ゴブリンスレイヤーの影響を受けているのがよく分かる回です

 一匹の血に溺れる様な慟哭が人里離れた森の中に響き渡り、それに共鳴するかの如き薄汚れた悲鳴が森の四方八方から上がる。

 群れを率いる一匹のホブゴブリンは鍛え抜かれた人間より、遥かに膨張した腕を組みながら顎に手を当てて冷静に目の前の慟哭をあげる存在によって齎された被害の大きさを算出する──群れの総勢は五十以上にもなるが、その半数は恐らく罠にかかり死に至っているだろうと──が、ロードにも及ばぬ身でありながらここまで群れを大きくしたのだからすぐにでも数は揃えられると思考を切り替えた。


「オマエ カシコイ メス イレコム」


 どうせ勝てるのだからと格を違いを示すためにも、ホブゴブリンは実にゴブリンらしい浅はかな思考を巡らせつつ勝ち誇った様に言葉を続ける。


「タメシタ メス オカスカ オマエ オカシタ」


 ホブゴブリンらしからぬ知性を有するこの一匹は目の前の一匹を試す為に最も、手入れを念入りに行いそして関わっていたメスを選び与え、見事に他のゴブリンに手を触れさせる事なくこの犯した事実に満足はしたもののある事に気がついていた。

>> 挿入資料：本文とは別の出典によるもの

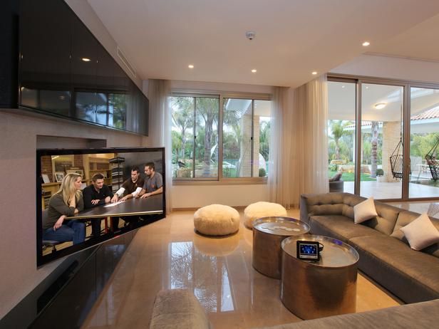 Не менее уместными в интерьере гостиной в стиле под названием Хай-тек порой могут быть сюрреалистические панно и картины, металлические статуэтки и прочие изделия из стекла. Если правильно подобрать кашпо, можно разместить несколько экзотических декоративных растений. Окна в данном случае можно украсить римскими шторами, светлыми жалюзи или легкими серыми, белыми шторами-нитями.
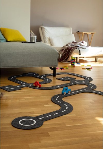 Variabilní hrací puzzle z filcového materiálu. Díly můžou děti libovolně napojovat a vytvořit pokaždé jinou dráhu. Podlahové puzzle má 30 dílků různých tvarů, na kterých jsou zobrazeny silnice, zatáčky, kruhové objezdy či parkoviště. Výsledná velikost a tvar skládačky je podle Vaší fantazie. Při zakoupení více sad můžete s dětmi vytvářet velkou silniční infrastrukturu, která je omezená pouze velikostí vašeho pokoje. Součástí balení jsou také dvě dřevěná autíčka. Šířka dílků je 11 cm a tloušťka dílku je 0,5 cm.

「ダガ オマエ ゾウオ ムケタ ジョウイシャデアルモノニ」


 ホブゴブリンは知っていた。

 己ではない誰かを強く憎めるという事は、それだけ知性と情緒が発達しており『そういった』個体は総じて単純な力で従う事を良しとせず、隙があれば叛逆を起こす存在だと──何故なら己がそうなのだから。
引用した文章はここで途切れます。